Страница: 5/6
Однажды в гостиницу заехал посол одной из могущественных европейских держав (об этом мне стало известно из сплетен гостиничных боев), и я даже сподобился держать у себя на коленях его крепкое тело. С ним было несколько сопровождающих; они, поговорив о чем-то, встали и удалились. Я, конечно, не понял ни слова из их беседы, но почувствовал, как жестикулирует и подпрыгивает посол, и тело его было значительно горячее, чем у простых смертных. После его у меня надолго осталось странное щекочущее ощущение. Я вдруг подумал: а что если взять и всадить в него острый нож - прямо в сердце?! Я представил себе последствия и невольно преисполнился самодовольства: судьбы мира были в моих руках!
В другой раз у нас по чистой случайности остановилась знаменитая танцовщица. Только однажды она села ко мне на колени, и я испытал сильнейшее потрясение: она оставила мне на память ощущение божественного женского тела. Танцовщица была так прекрасна, что я и думать забыл о низменной страсти и испытывал только трепет и благоговение, как перед бесценным шедевром.
Было еще много встреч, и удивительных, и неприятных, на которых нет времени остановиться подробно, поскольку цель моего письма не в этом.

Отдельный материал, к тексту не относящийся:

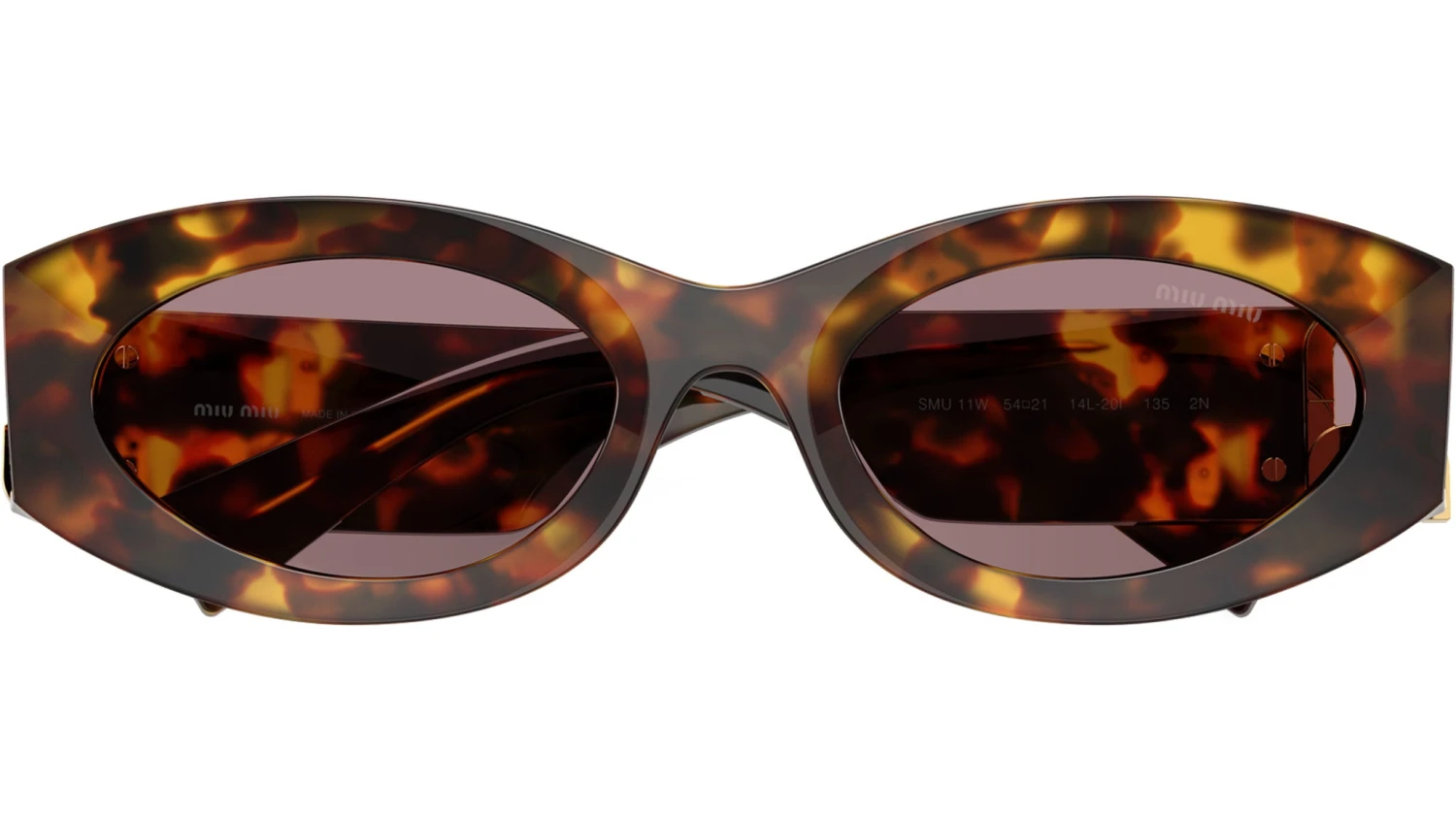 Miu Miu MU 11WS 14L20I sunglasses for women, featuring honey havana oval acetate frame and light purple brown bio polyamide lenses. Universal fit. Brand line: Special Project. Style code: 0MU 11WS. Color code: 14L20I. Made in Italy. Authorized Miu Miu online reseller. Your glasses will include the original case and accessories and are covered by a 12-month global warranty.

Я и так излишне углубился в детали, а потому возвращаюсь в теме повествования.
...Прошло несколько месяцев, когда в моей судьбе произошел неожиданный поворот. Владелец отеля в силу каких-то причин покинул Японию и возвратился на родину, а гостиницу целиком передал некой японской фирме. Новый хозяин из экономии сразу же отказался от всяких излишеств, решив превратить богатый отель в самую рядовую гостиницу. Сделавшиеся ненужными предметы роскоши решили сдать на комиссию и пустить с молотка, в том числе и мое кресло.
Прослышав об этом, я впал в глубочайшее уныние. Сие означало, что я должен снова вернуться в мир людей и начать жизнь заново. Внутренний голос подсказывал мне, что это было бы самым разумным шагом. За прошедшие месяцы я успел сколотить изрядное состояние, и мне не грозило прежнее полунищенское существование, С другой стороны, подобная перемена открывала мне новые горизонты.
Дело в том, что, несмотря на бесчисленные "романы" с гостиничными прелестницами, я испытывал подспудное недовольство: как бы очаровательны и соблазнительны ни были мои возлюбленные - все - таки они иностранки, а стало быть, чужды мне по духу. Мне не хватало духовной близости.
Я мечтал о любви к японке!
Я все больше и больше жаждал возвышенного чувства. И тут мое кресло отправили на аукцион, Я втайне лелеял надежду* что, может быть, его купят в японский дом, и молился об этом. А потому решил набраться терпения и не покидать кресла.
Пока кресло несколько дней стояло в аукционном зале, я пребывал в чрезвычайно угнетенном состоянии духа, но, к счастью, покупатель не замедлил явиться. Мое кресло, хоть и утратило прелесть новизны, все равно привлекало изысканностью и благородством форм.
Покупателем оказался чиновник, живший в каком-то городе неподалеку от Иокогамы. Нас так трясло, пока кресло везли на грузовике, что я чуть не умер, но теперь, когда надежды мои сбылись, все страдания показались мне сущими пустяками.
У покупателя был богатый особняк. Кресло отнесли в кабинет, обставленный по - европейски. К моему восторгу, он служил не столько мужу, сколько его прелестной жене. С того дня более месяца я был почти неразлучен с нею. Исключая обеденные и ночные часы, ее грациозное тело покоилось у меня на коленях: запершись в кабинете, она надолго погружалась в раздумья.
Надо ли говорить, что я безумно в нее влюбился? Ведь она была первой японкой, к которой я прикоснулся, а, кроме того, тело у нее было невыразимо прекрасно. В этом доме я впервые познал истинную любовь, В сравнении с моей новой страстью все гостиничные "романы" были просто детскими увлечениями.
Тайные наслаждения уже не удовлетворяли меня, я возжаждал - чего со мной не случалось прежде - открыться ей и от невозможности этого испытывал адские муки.